In the first instance, the list is filtered to prioritise stocks from Morningstar’s Global Best Idea List. Where we do not have such Best Ideas in the prominent sectors of each market, we have included stocks trading at the largest discounts to our analysts’ fair value estimates.

A pretty eclectic group of undervalued stocks on this list, starting with two prominent major banks on one end of S&P/ASX 200 barbell (Westpac, ANZ) and two lesser-known miners on the other end of the barbell (Iluka, South32).
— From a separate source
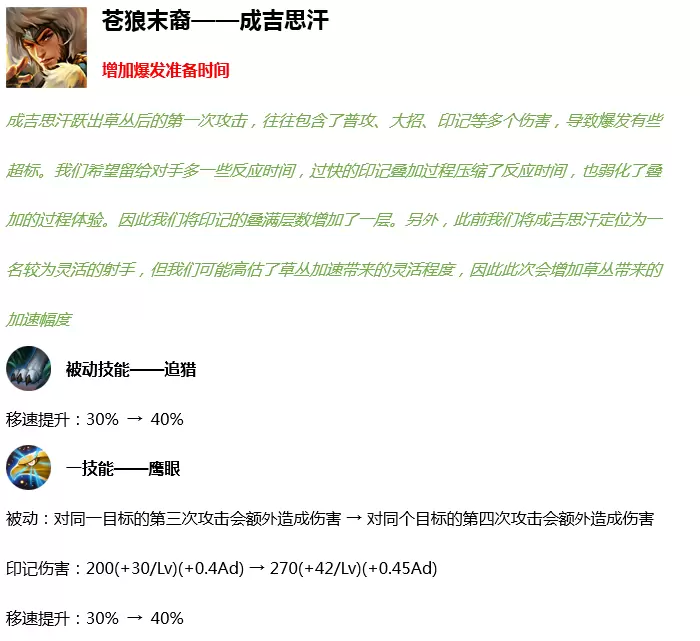 每次普攻击对敌人造成10%减速,最多叠加两层,持续2秒,并附带2段灼烧效果,每段造成20~48点伤害 → 每次普攻击对敌人造成15%减速,最多叠加两层,持续2秒,并附带2段灼烧效果,每段造成30~128点真实伤害,伤害效果对野怪会强化为60~256点。

We have two smallish stocks for technology exposure to the US S&P 500 (Teradyne, Snowflake), not surprising given the elevated multiples of the larger-cap US tech stocks.

There is a bunch of cheap-looking stocks in China’s key sectors for those willing to traverse the wild side of emerging market investing.

Exposure to Japan’s big industrial sector is represented by Harmonic Drive Systems (gears or speed reducers) and Nabtesco (motion control technology), while Nissan (carmaker) and Mercari (second-hand good trading platform) provide exposure to Japan’s equally significant consumer discretionary/cyclical sector.

As for exposure to Europe’s sizable healthcare sector, shares in Fresenius (dialysis, injectable therapies) and Roche (biopharma, diagnostic) screen as undervalued.

However, the key message in this report is the value of knowing the index weightings of different global markets. It not only informs an investor about the key sectoral influences on each market, but serves as a roadmap on where to look to gain meaningful exposures to desired industries. Go fish where the fish are, not where you happened to set up camp.